水力発電が日本を救う

2016.10.29

水力発電が日本を救う」は、元国土交通省河川局長の竹村公太郎さんの著書で、9月1日に発行されたばかりです。

 私は、竹村さんに一度お会いしたことがあります。それは建設省OBの脇雅史参議院議員の2回目の選挙が近づいたころに、国土交通省を平成14年に退官した竹村さんが来富され、富山県建設業協会員に脇議員の支援を依頼されたときでした。そのとき司会者から竹村さんの経歴を聞き、私の大学の1年先輩であり、大学院修士課程(土木工学)の卒業が、私が経済学部を卒業した昭和45年であると知り、親近感を覚えました。

 このとき、竹村さんが書いた「日本文明の謎を解く-21世紀を考えるヒント」が紹介され早速購入し、面白くて一気に読み終えたことを覚えています。

 竹村さんは多くの本を著していますが、「水力発電が日本を救う」を知ったのは、先月、朝の犬との散歩中に聞いたNHK第1「マイあさラジオ」での「著者に聞きたい本のツボ」でした。

 ”序 100年後の日本のために”は、「私はダム建設の専門家で、水力発電を心から愛する人間の一人だ。未来の日本のエネルギーを支えていくのは水力発電、そう考えている。」で始まります。

 本を読み進むと、建設省(現国土交通省)の河川局で、川治ダム大川ダム宮ヶ瀬ダムと、三つの巨大ダムを造ってきた竹村さんが、将来の日本の電力について真剣に考え、提言していることがひしひしと伝わってきて、憂国の情さえ感じられました。

 「日本のエネルギー政策は曲がり角に来ている。石油などの化石燃料は地球温暖化を促進してしまう。さらに50年後、100年後には必ず枯渇してしまう。原子力は、福島第一原発の事故以来、方針が否応なく変更され、安易な拡大は出来ない。そこで、再生可能エネルギーが注目されているが、水力こそ最も古くから開発され、技術的に完成された再生可能エネルギーなのだ。」(93ページ)という状況下で、巨大ダムを造る時代は終わったが、それでも水力発電は増やせると、竹村さんは以下の3つの方法を述べています。

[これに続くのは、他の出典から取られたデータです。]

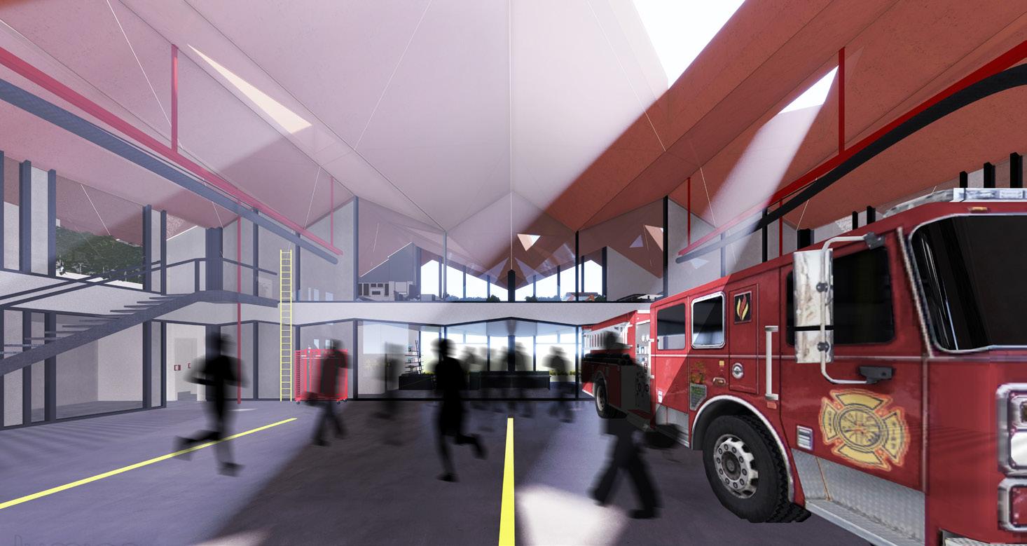 The design concept can be likened to a fire blanket, symbolizing the covering and unification of the various programs that are typically separate within a fire station. The fire blanket design metaphor celebrates the apparatus bay as the central element, while promoting functional and visual harmony among all the diverse spaces present in the fire station.

 その第一は、半世紀以上前に作られた河川法第一条の目的を改正し、水力エネルギー開発を河川行政の目的そのものにすることで、「治水」と「利水」の矛盾した目的のため、満水の半分くらいしか水を貯めていない時代遅れの運用をしている日本の多目的ダムにもっと貯水し、発電力を格段に増やすことです。

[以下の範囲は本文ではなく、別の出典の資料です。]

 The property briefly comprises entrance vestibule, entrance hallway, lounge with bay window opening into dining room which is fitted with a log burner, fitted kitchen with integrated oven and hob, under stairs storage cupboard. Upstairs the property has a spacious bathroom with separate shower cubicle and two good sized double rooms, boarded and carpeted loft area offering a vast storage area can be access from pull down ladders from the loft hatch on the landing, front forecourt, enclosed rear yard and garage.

 第二は、水力発電の潜在的な力を引き出す重要な手段がダムを嵩上げすることであり、10%の嵩上げで発電能力はほぼ倍増することになるので、ダムをもう一つ造るのと同じになります。実際の嵩上げの例として北海道の夕張シューパロダムがあり、ダムの高さを約1.5倍にすることで、貯められる水が5倍近くまで増えました。

 そして第三は、砂防ダムや農業用水ダムなどのように、発電とは別の目的で造られた多数のダムに発電させることです。

 どの方法もなるほどと納得させられるものですが、河川法を改正することで、水力発電に対する河川行政の姿勢を大きく変えることができ、ダムに眠っている潜在的な巨大電力をまったくコストをかけずに現実社会に活かすことができるという主張に、建設行政の中心で長らく河川行政にかかわってきた竹村さんの言葉だけに、強く心を打たれました。それは、公共事業を主体とする当社が「建設事業を通して世の中の役に立つ」という経営理念を実現するには、発注者である行政の姿勢に大きくかかってくるという当たり前のことに気づかされたからです。

 この本にはダムが壊れない3つの理由も述べられていますが、当社の土木技術者諸君は答えられますか。一つ目の理由は、コンクリートには鉄筋がないからなのです。読んでビックリしましたが、鉄筋がないとなぜ壊れないかが良く理解できました。さて、他の二つの理由は何でしょうか。税抜き1,400円のこの本を買って、土木技術の知識を深めてください。そして、自分が携わる公共工事のあり方についても考えてほしいと思います。

 経営理念の二つ目は「社員は成長する資源」です。成長に読書は欠かせません。